Sunday, 12 February 2012

Going Nuclear Over the Falklands

Argentina's President Cristina Fernández stood in front of a map of Las Malvinas (the Falklands) this week to denounce Britain's militarization of the dispute over the islands.Eduardo Di Baia/Associated PressArgentina’s President Cristina Fernández stood in front of a map of Las Malvinas (the Falklands) this week to denounce Britain’s militarization of the dispute over the islands.


LONDON — Argentina has turned up the heat in its rekindled dispute with Britain over the Falkland Islands by accusing the perfidious British of dispatching a nuclear-powered, and possibly nuclear-armed, submarine to the South Atlantic.

The latest twist in the saga of the remote archipelago, which Argentines know at Las Malvinas, dominated the headlines in Buenos Aires on Saturday after Héctor Timerman, the foreign minister, appeared at the United Nations in New York brandishing a dossier on Britain’s alleged military moves.

Tensions have been rising with the approach of the 30th anniversary of a war in which a British military task force crossed 8,000 miles of the Atlantic Ocean to recover the colonial outpost from an Argentine invasion force.

The atmosphere did not improve when London announced that Prince William, heir to the British throne after his father Prince Charles, was heading for the Falklands along with a new warship.

What British officials described as a routine deployment for the 29-year-old air force helicopter pilot was denounced in Buenos Aires as a provocation.

After the 1982 conflict, the two countries pledged to keep the peace over their opposing claims to the islands. Britain believes the islands’ future is a matter for the Falklands’ population of around 3,000 English speakers to decide.


In the meantime, Britain reserves the right to have forces there and to patrol South Atlantic waters. Mark Lyall Grant, Britain’s envoy at the U.N., said his country does not comment on the deployment of its submarines or nuclear weapons. But he dismissed Mr. Timerman’s accusations that it was militarizing the situation as “manifestly absurd”.
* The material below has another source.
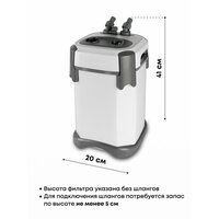 При установке фильтра обратите внимание, что уровень воды в аквариуме должен быть выше минимальной отметки. Сам фильтр необходимо размещать вне аквариума на ровной поверхности на расстоянии 35-110 см ниже уровня воды.

Britain has confirmed, however, the dispatch of HMS Dauntless, a new air defense destroyer — again as part of a routine deployment. Nigel Haywood, the British governor of the islands, told the Argentine daily Clarín that sending the Dauntless was just like upgrading your home computer when a better model comes out.

The Falkland Islands were virtually unknown to the wider British public until 1982, when the campaign to “liberate” them cemented the reputation of Margaret Thatcher, the then British prime minister, as “The Iron Lady”.

For Argentines, however, their country’s claim to the barren islands — where sheep outnumber the human population — is something they learn at their mother’s knee.

In the past, successive British governments would dispatch a nuclear submarine to the South Atlantic each year, and made sure the Argentines knew about it, to deter them from seizing the archipelago. That policy was shelved by the Thatcher government to save money, according to former officials familiar with the situation at the time.

Argentina’s murderous military junta, which had wiped out thousands of its own citizens, misread the signal as an indication Britain was ready to abandon the islands. They believed in April 1982 that an uncontested invasion would divert their population’s attention from a dire economic crisis by instilling it with patriotic fervor.

The ruling generals and admirals lost the gamble and were overthrown.

Cynics in Britain say the Argentines were the real victors in the war: they got democracy, while the British got another decade of Margaret Thatcher.